I often develop SQL database applications using Linq, and my methodology is to build model classes to represent each table, and each table that needs inserting or updating gets a Save() method (which either does an InsertOnSubmit() or SubmitChanges(), depending on the state of the object). Often, when I need to represent a collection of records, I'll create a class that inherits from a List-like object of the atomic class.

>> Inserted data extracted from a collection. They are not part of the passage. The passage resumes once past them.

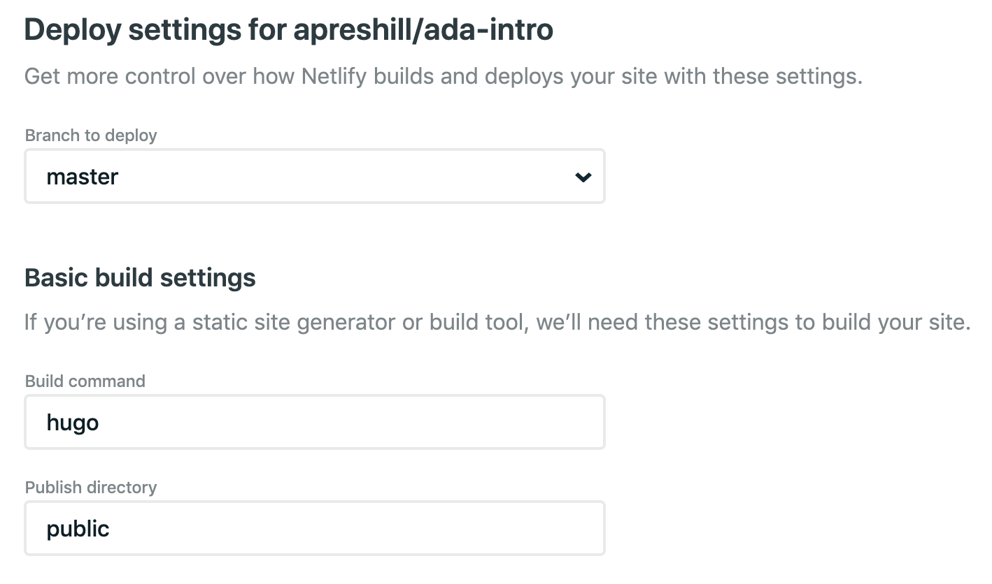 The last step is to use the Netlify UI in browser do New Site from Git > pick your repo. You’ll be prompted to fill in these fields, they are probably already filled in correctly for you:
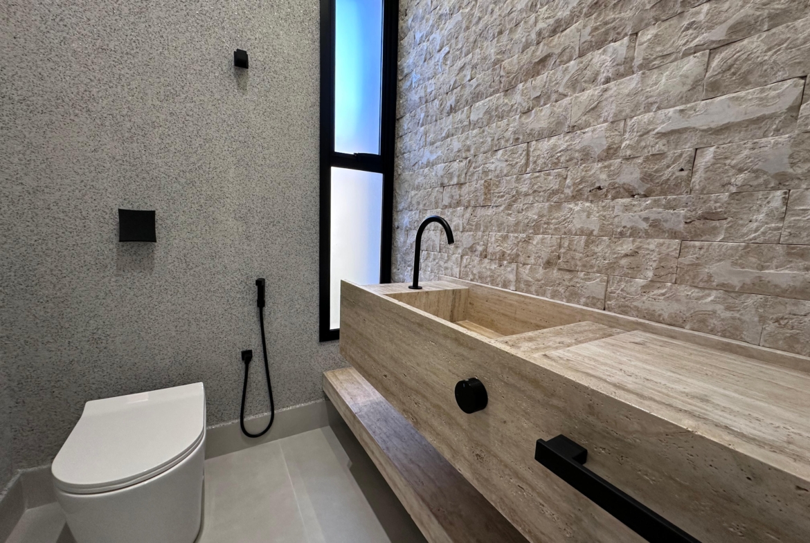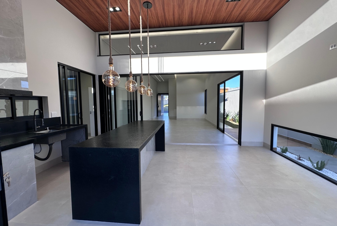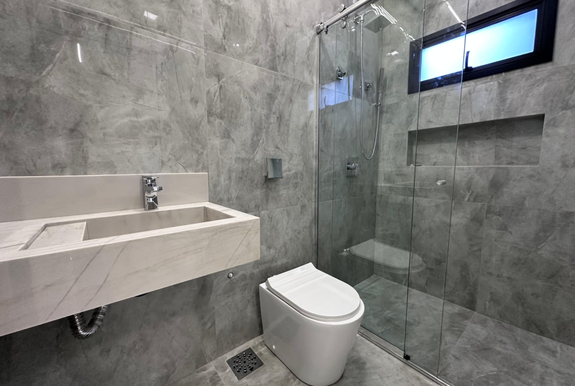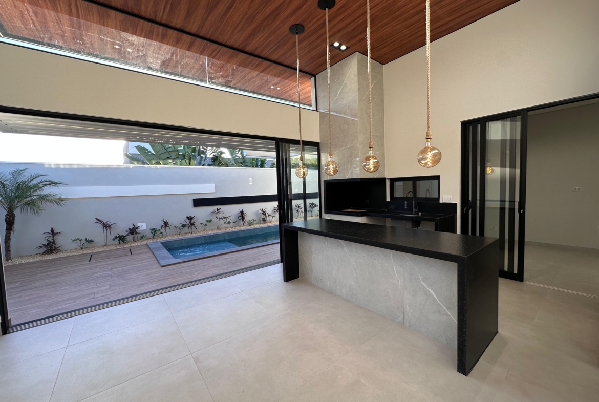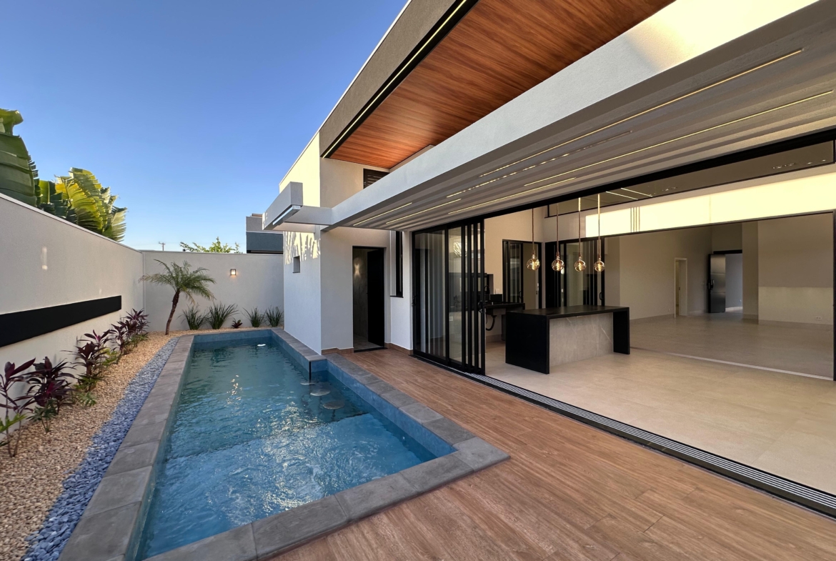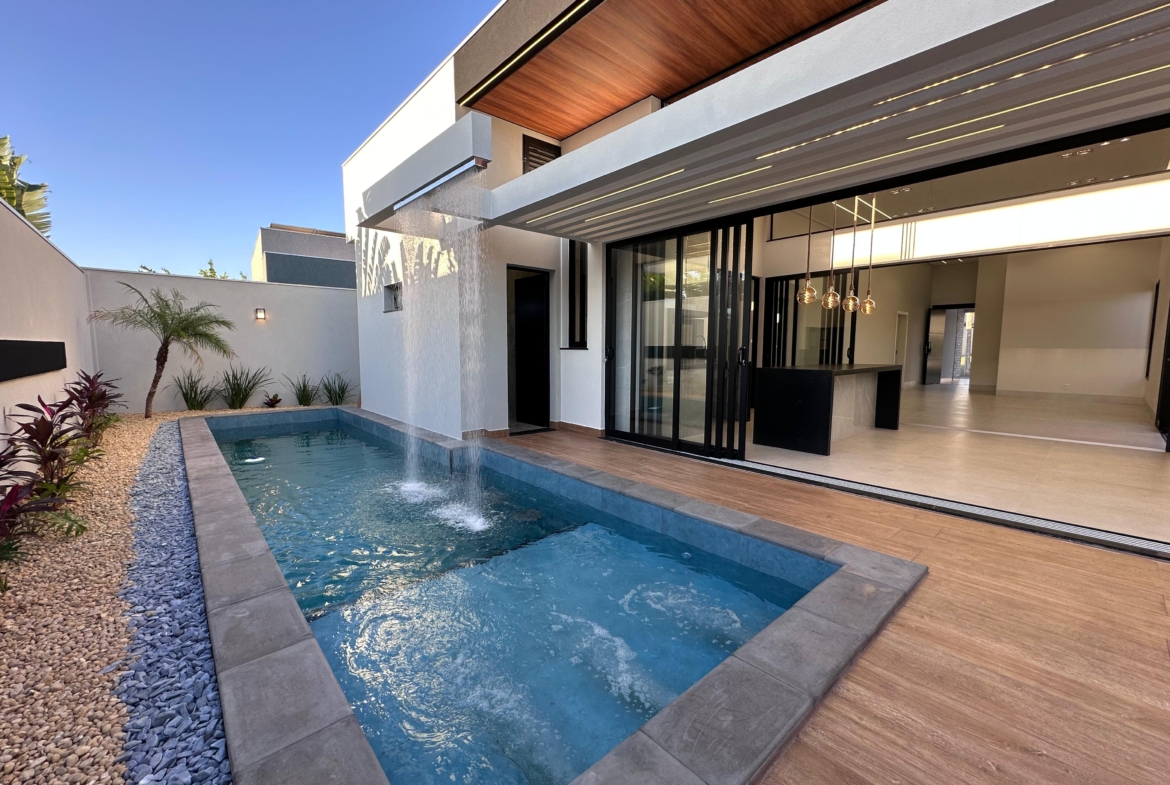 Com 394,57 m² de terreno, esta residência une conforto, sofisticação e lazer completo em condomínio com portaria e área de lazer.
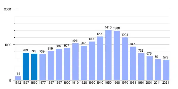 | Gráfica de evolución demográfica de Villaluenga de la Vega[1] entre 1842 y 2021 |
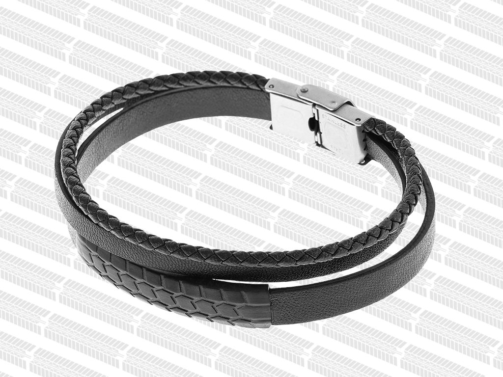 Kožený náramek Tire Track Black chirurgická ocel +Dárková krabička zdarma
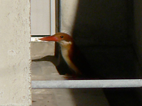 って話したのですが、奥さんがベランダの窓を開けた瞬間、アカショウビン (らしき鳥さん)は家と家の間を抜けて飛んで行ってしまいました・・・。

public class CustomerCollection : CoreCollection<Customer>


Recently, I was working on an application where end-users were experiencing slowness, where each of the objects needed to be saved to the database if they met a certain criteria. My Save() method was slow, presumably because I was making all kinds of round-trips to the server, and calling DataContext.SubmitChanges() after each atomic save.

So, the code might have looked something like this

foreach(Customer c in customerCollection)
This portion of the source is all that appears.